A Little Free Library Near You is Opening Minds

Pasadena has a history of making sure there is a library no more than one mile from each residence. But now the city has taken proximity to literacy a step further.
Overseen by District 3 Councilmember John Kennedy, the program known as the “Little Free Library” is undergoing tremendous growth. 2929
It started in the late 1990s as a simple way to get more books in the hands of more people, said Susana Porras, Kennedy’s district liaison.

Photo by Shel Segal | OUTLOOK
Photo by Shel Segal | OUTLOOK
Susana Porras, the district liaison for Pasadena District 3’s Councilmember John Kennedy, said she was surprised by the popularity of the Little Free Library in front of her house on Sunset Avenue.

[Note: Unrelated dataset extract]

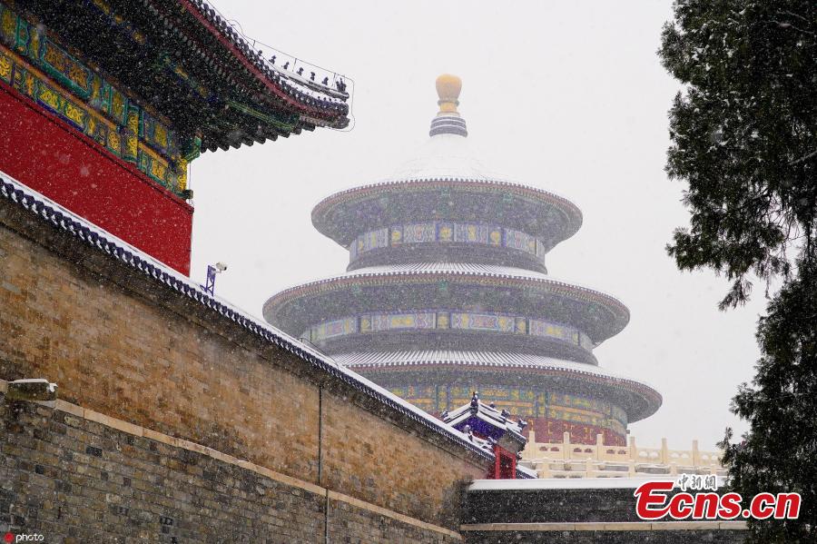 Picturesque scenery of the Temple of Heaven in snow in Beijing, Dec. 13, 2023. (Photo provided to China News Service)
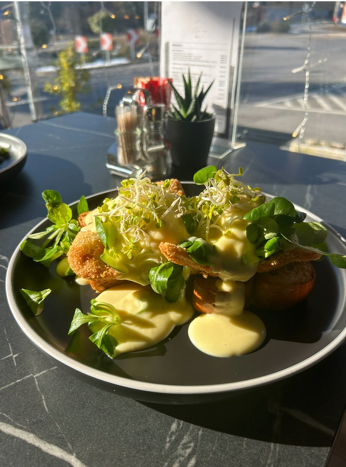 brioche, mézben pácolt sonka, buggyantott tojás, házi hollandi szósz

“It’s basically a little box,” said Porras, who has a Little Free Library in front of her house on Sunset Avenue, near the corner of Orange Grove Boulevard and Fair Oaks Avenue. “You can design it any which way you want.
“You fill it up with books. People take them and it’s based on the honor system. Hopefully, when they take one, they leave one.”
Porras said that when she put the box out in 2012, she wasn’t sure what the outcome would be. The results, she said, have surpassed her greatest expectations. People from as far away as San Francisco have visited her box and taken a book.
“It started out as an experiment,” Porras said. “We didn’t know what would happen with the Little Free Library. We thought it might get vandalized. We thought nobody would take books. It turned out to be great.”
Currently, there are approximately 20 Little Free Libraries in operation with nine more planned for production, Porras said.
Her box has a sponsor, Crown City Estate Sales. That helps keep the library fully stocked.
“We do everything we can to keep it full, but we’re surrounded by three different schools,” she said. “We’ve put other things in there, like school supplies, book markers, and people will take them.”
Other sponsors have included the Pasadena Police Department and Throop Lumber, which has helped build the libraries using damaged materials the company cannot sell.
“The whole point is you’re supposed to try and make them out of recycled material,” Porras said. “They don’t want you to use new materials. They’re supposed to be sustainable.”
In addition, Porras said the Little Free Library is handicap-accessible. The shelf is filled with kids’ books and the top with books for adults.
“People love it,” she said. “They absolutely love the idea of having the Little Free Library in front of their yard. And the demand is so big, it’s just amazing. I have people dropping off bags of books on my porch.”
Kennedy said while having a library within a mile of your house is still a good thing, it might be too far for a small child. The Little Free Library can put books into the hands of youngsters right in their neighborhoods.
“One of the ways we are cutting down the distance for little children is with the Little Free Libraries,” said Kennedy, whose district covers central and northwest Pasadena. “They either can keep the book forever, return the book or provide additional books.”
Kennedy said he believes love of reading and learning is necessary to have a productive society.
“If we can reach the child early enough and have them able to read, we will put them on a track of lifetime learning,” he said. “That learning will ensure that they are productive citizens, productive
students, productive parents and will contribute to society.
“The book opens up new vistas of understanding of the world that the child would not normally have. The book transports the little child to positive environments, new ways of learning, new experiences.”
What really struck Porras about her Little Free Library — nobody has ever tried to vandalize it.
“I thought people were going to draw on there,” she said. “And the doors are
PlexiGlass. They’re very easy to scratch. We did have our little American flag stolen. That’s happened twice, but that’s the worst that’s happened.”